Drop the pictures; give again exactly the lines from the one holding "Gut schlafen werden" through the end of the data.

SUPPLIED MATERIAL ->
--------

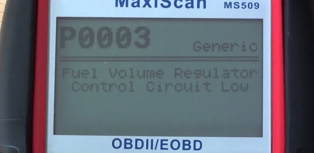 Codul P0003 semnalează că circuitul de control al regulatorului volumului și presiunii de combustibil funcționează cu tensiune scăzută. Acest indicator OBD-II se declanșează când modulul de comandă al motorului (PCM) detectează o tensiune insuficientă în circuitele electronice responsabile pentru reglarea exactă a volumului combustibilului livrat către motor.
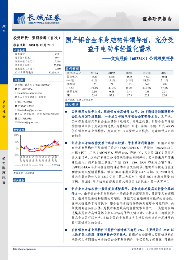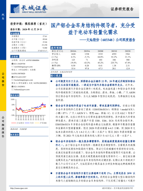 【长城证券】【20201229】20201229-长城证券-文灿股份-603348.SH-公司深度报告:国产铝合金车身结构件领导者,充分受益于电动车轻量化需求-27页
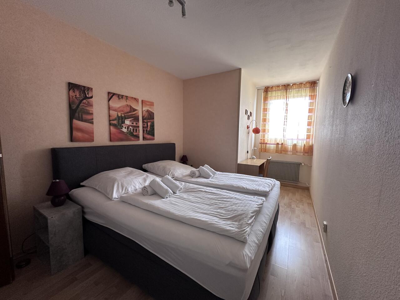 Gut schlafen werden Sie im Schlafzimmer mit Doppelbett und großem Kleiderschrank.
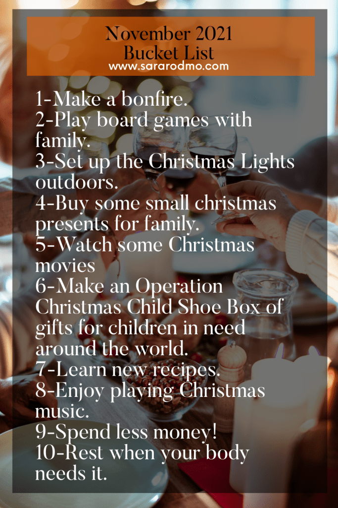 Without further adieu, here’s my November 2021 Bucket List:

--------

SOLUTION ->
 Gut schlafen werden Sie im Schlafzimmer mit Doppelbett und großem Kleiderschrank.
 Without further adieu, here’s my November 2021 Bucket List:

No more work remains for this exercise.